© JUNGE FREIHEIT Verlag GmbH & Co. www.jungefreiheit.de 03/06 13. Januar 2006

Meldungen

Journalisten: Gewalt und Zensur nehmen zu

BERLIN/PARIS. Im vergangenen Jahr kamen mindestens 63 Journalisten und fünf Medienmitarbeiter während oder wegen ihrer Arbeit ums Leben - zehn Opfer mehr als im Vorjahr. Das teilte vorige Woche die Organisation "Reporter ohne Grenzen" mit. Auch Übergriffe und Zensur nahmen deutlich zu. Mit mindestens 1.006 zensierten oder verbotenen Medien im vergangenen Jahr stieg diese Zahl im Vergleich zum Vorjahr um über 60 Prozent an (2004: 622). Drohungen und gewalttätige Übergriffe übertrafen mit 1.308 Vorfällen die hohen Zahlen aus 2004 (1.146). Einen leichten Rückgang dokumentierte die Menschenrechtsorganisation dagegen bei den vorübergehenden Festnahmen (2005: 807 / 2004:907). China (32 inhaftierte Journalisten) und Kuba (24) haben nach wie vor die meisten inhaftierten Journalisten weltweit. Äthiopien ist nach Massenverhaftungen im November mit 17 Journalisten hinter Gittern das größte Gefängnis für Journalisten in Afrika und hat weltweit Eritrea (13) an dritter Stelle abgelöst.
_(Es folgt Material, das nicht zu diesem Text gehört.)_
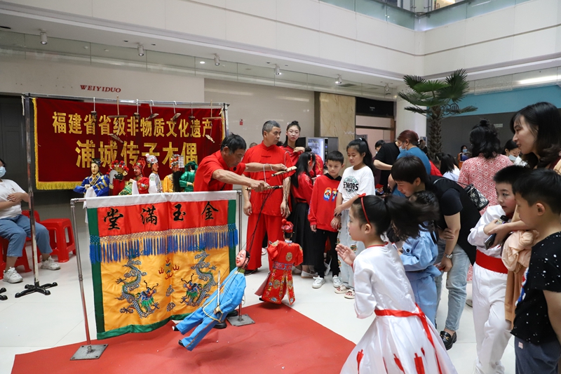 傳子木偶 浦城縣融媒體中心供圖 2022年6月11日是全國第17個“文化和自然遺產(chǎn)日”,為進一步提高人民群眾對文化和自然遺產(chǎn)的保護意識,營造非遺和文物保護濃厚的社會氛圍,傳承和弘揚中華優(yōu)秀傳統(tǒng)文化,浦城縣舉辦了“連接現(xiàn)代生活 綻放迷人光彩”等系列非遺宣傳展示活動。 在浦城永輝大廈中庭,現(xiàn)場有“文化進萬家 ‘福’見浦城”文藝演出、“福佑中華”浦城剪紙和提線木偶展演、“古城遺風(fēng)”浦城非遺圖片展、“時代共進 人民共享”浦城縣文保單位展、“直指武夷山下”南平市百年百幅革命舊址圖片展等多項內(nèi)容,吸引著市民前往觀看和體驗。“文化進萬家 ‘福’見浦城”文藝演出以快板、誦讀、舞蹈等形式展示了非遺文化的魅力;市民和孩子們紛紛拿起剪刀體驗剪紙藝術(shù)的魅力,感受操縱傳子木偶的樂趣。

Die Massenverhaftungen in Äthiopien geschahen während Demonstrationen gegen die Wahlergebnisse vom Mai 2005. Weltweit sind derzeit 126 Journalisten und 70 Internetdissidenten hinter Gittern.

 

Deutsche Richter von Medien stark beeinflußt

DÜSSELDORF. Eine repräsentative Umfrage unter Deutschlands Strafrechtverteidiger hat ein vernichtendes Urteil über die Objektivität der Richter ausgestellt. Die von der PR-Agentur Wilmes Kommunikation in Thesenform durchgeführte Befragung hat dabei über 114 Strafverteidiger interviewt. 72,1 Prozent der befragten Strafverteidiger sind demnach der Meinung, daß sich Berufsrichter bei der Urteilsfindung von den Medien beeinflussen lassen. Fast 67 Prozent gehen davon aus, daß die Medien die größte Gefahr der Beeinflussung in einem Gerichtsverfahren darstellen, 85 Prozent meinen, daß mit der Veröffentlichung eines Ermittlungsverfahrens die Vorverurteilung für den Beschuldigten beginne. 80 Prozent meinen, ein klinisch-objektives Urteil ohne jegliche Beeinflussung durch die Medien sei nicht möglich. Wilfried Hamm, Sprecher des Vorstandes und Pressesprecher der Neuen Richtervereinigung, räumte ein: "Richter sind doch auch nur Menschen. Der Druck unter anderem auch der Medien ist manchen Verfahren so groß, daß ich mir vorstellen kann, daß Richter, wenn auch unterbewußt, dadurch beeinflußt werden."

 

Vertriebenen-Ehrung postum für Peter Glotz

BONN. Die höchste Auszeichnung des Bundes der Vertriebenen (BdV), die Ehrenplakette, wird in diesem Jahr postum an den im August 2005 verstorbenen SPD-Politiker Peter Glotz verliehen. Die Verleihung an Glotz sei "ein sichtbares Zeichen der Anerkennung und der Dankbarkeit" der Vertriebenen, erklärte BdV-Präsidentin Erika Steinbach. Aus "innerster Überzeugung" habe Glotz sich für Ziele und Anliegen eines Zentrums gegen Vertreibungen eingesetzt. Noch in seinen letzten Lebenstagen habe er die Hoffnung auf staatliche Unterstützung zum Ausdruck gebracht, so Steinbach. Für Peter Glotz seien die Verbrechen des nationalsozialistischen Regimes niemals eine Rechtfertigung für die Vertreibung der Deutschen gewesen, erklärte die BdV-Chefin und CDU-Bundestagsabgeordnete. Seit Gründung der Stiftung Zentrum gegen Vertreibungen im September 2000 war Glotz ihr Vorsitzender. Über das Zentrum und die Verdrängung der Vertreibungen sprach er im Januar 2005 auch in einem großen Interview mit dieser Zeitung (JF 5/05). Die Auszeichnung wird seiner Witwe im Rahmen eines Festaktes zum Tag der Heimat am 2. September 2006 in Berlin übergeben.